O Senhor Desembargador NATANAEL CAETANO Revisor
Condenado a 03 anos de reclusão, em regime aberto por infração aos art. 155, § 4º, III e IV e art. 171, caput, c/c art. 69, todos do CP, interpôs o réu o presente recurso, sustentando, em síntese, que as provas colhidas são insuficientes para respaldar o decreto condenatório, razão pela qual postula a absolvição. Narra a denúncia que o apelante foi preso em flagrante, em companhia do menor Ricardo, na posse da res furtiva - veículo GM/Opala Comodoro SL/E, ano 90, placa BOF 1981-DF. Dentro do veículo foi encontrada uma chave tipo micha. Consta, também, que abasteceram o veículo no Posto Guarapari fugindo sem pagar o combustível. As provas coligidas não permitem outra conclusão, destacando-se, neste sentido o Auto de Prisão em Flagrante; o Laudo de exame de veículo e de eficiência de objeto (fls. 62/64); o depoimento dos policiais e do frentista Posto Guarapari; as declarações do menor Ricardo de Sá Aguiar (fls. 102). A versão apresentada pela defesa, não conseguiu convencer o magistrado que assim se manifestou às fls. 120, compete ao acusado dar uma explicação razoável para encontrar-se na posse do objeto furtado. E no caso, tal versão não se coaduna com a versão do menor (à época dos fatos) Ricardo que em seu depoimento relatou uma terceira pessoa de nome Júnior como sendo a pessoa que pediu que abastecesse o carro. Correta, pois, a r. sentença hostilizada quando concluiu pela sua condenação. Ante o exposto, nego provimento ao apelo. É como voto.

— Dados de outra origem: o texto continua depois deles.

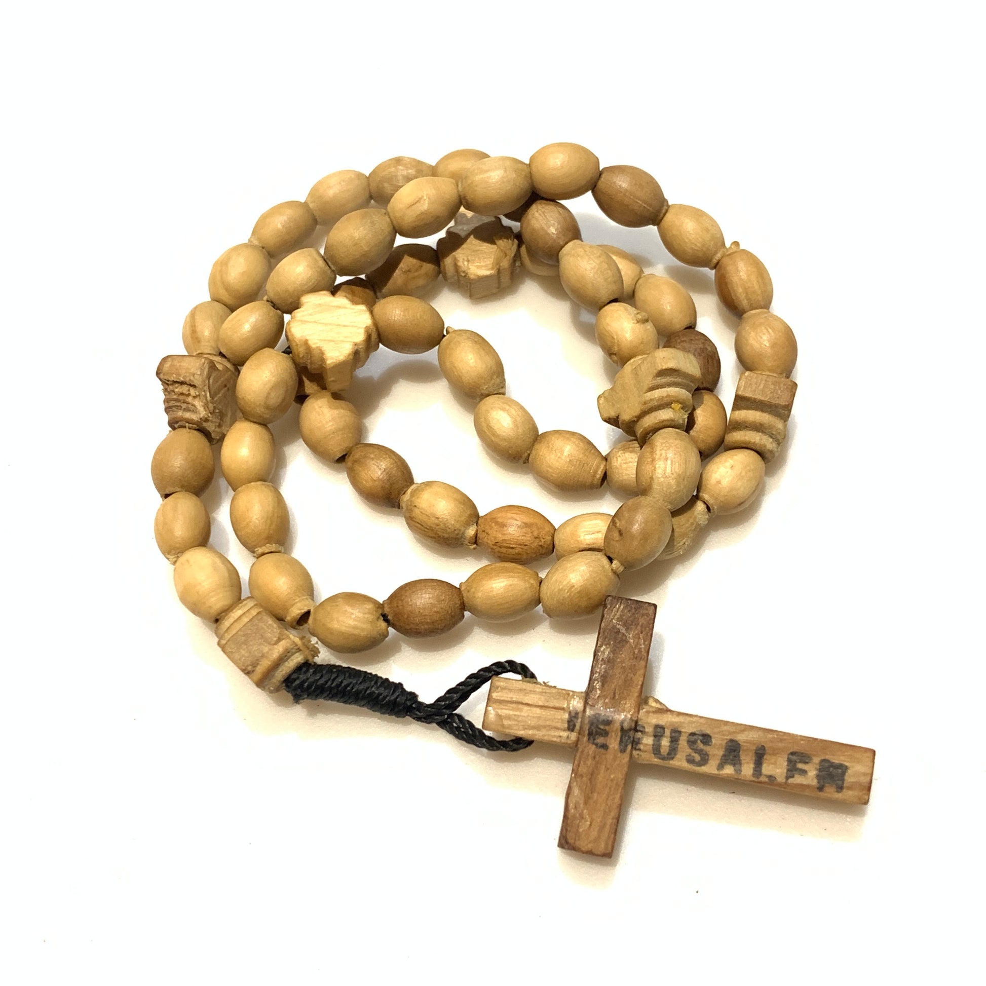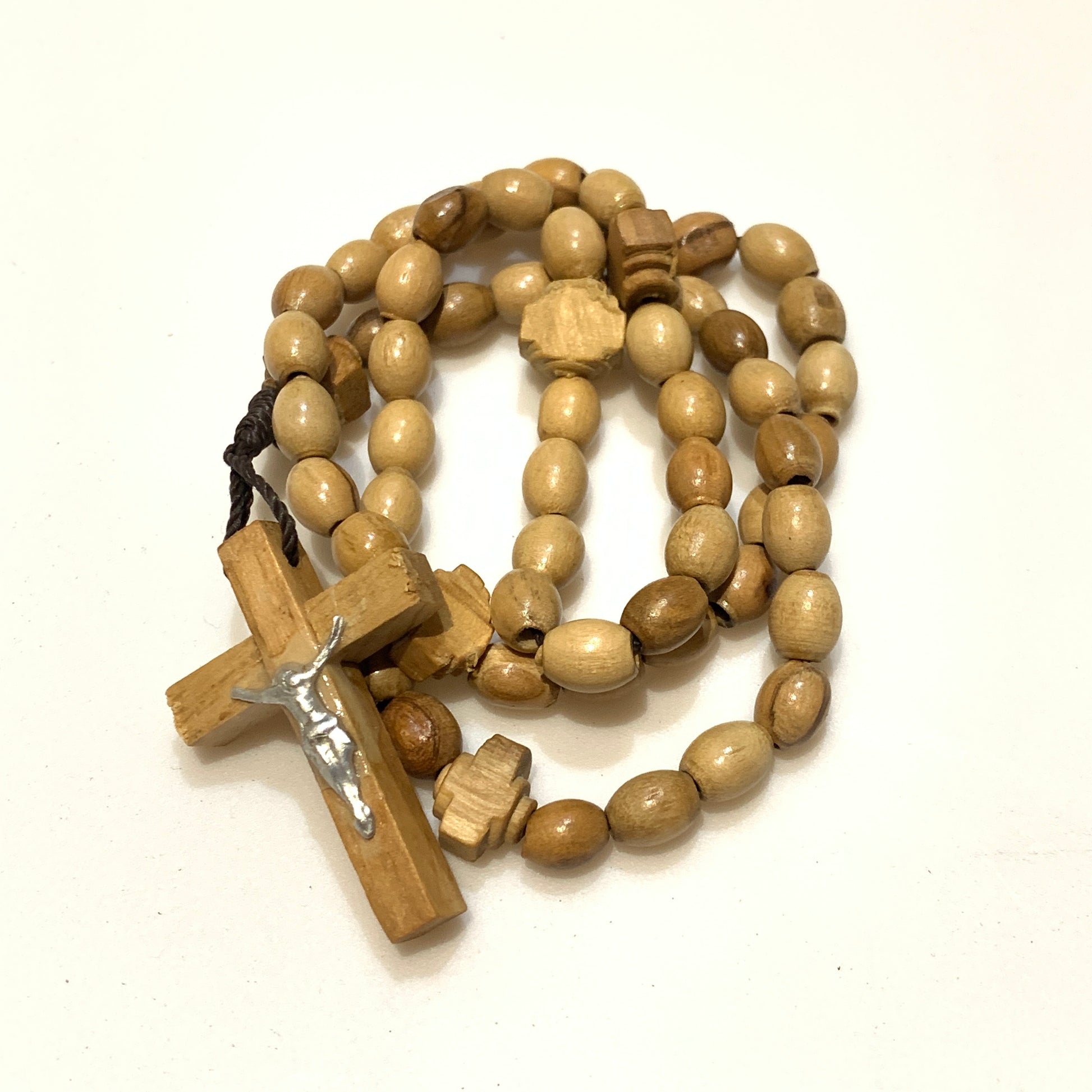 A genuine olive wood rosary on string with a simple cross marked "Bethlehem" and is available in two lengths. This rosary, brought by Mother Adela, Foundress SCTJM, when she leads pilgrimages, comes from the Holy Land where Our Lord lived and died, and is perfect as a gift or for yourself to offer prayers for your family, your friends, and the entire world.
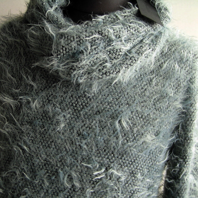 ■細い糸と極細繊維のヘアリーヤーンをザックリした組織で編み込むことで豊かな表情と凹凸感のある大変軽い仕上がりとなっています
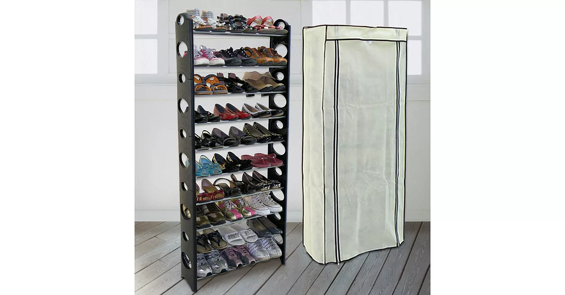 產品說明 《Homelike》簡約二... |  【LIFECODE】可調式十層鞋架(黑色) + 防塵套(米白) 售價:599
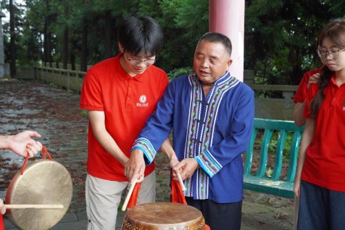 展示過后,宋老師主動提出教授團隊成員敲擊瓦鄉(xiāng)特色的皮鼓。他一邊持鼓槌示范,一邊耐心糾正團隊成員的力度和節(jié)奏??粗蠹艺J真學習的模樣,宋老師臉上露出了欣慰的笑容。他表示,年輕人愿意學這門手藝,就讓他看到了傳承的希望。

O Senhor Desembargador OTÁVIO AUGUSTO - Vogal De acordo.
DECISÃO Conhecido. Improvido. Unânime.
Poderia ser enquadrado como "furto" (art. 155, CP) ou "estelionato" (art. 171, CP).
O "furto" é a subtração de coisa alheia; mas é praticado de forma que ninguém vê o crime sendo cometido. Ou seja, ninguém sabe quem subtraiu...simplesmente se dá a falta da coisa.
Já o "estelionato" é a obtenção, para si ou para outrem, vantagem ilícita, em prejuízo alheio, INDUZINDO OU MANTENDO ALGUEM EM ERRO, mediante ARTIFICIO, ARDIL, ou QUALQUER MEIO FRAUDULENTO. Que foi o caso.
Eu ficaria, tranquilamente, sem medo de errar, com "estelionato".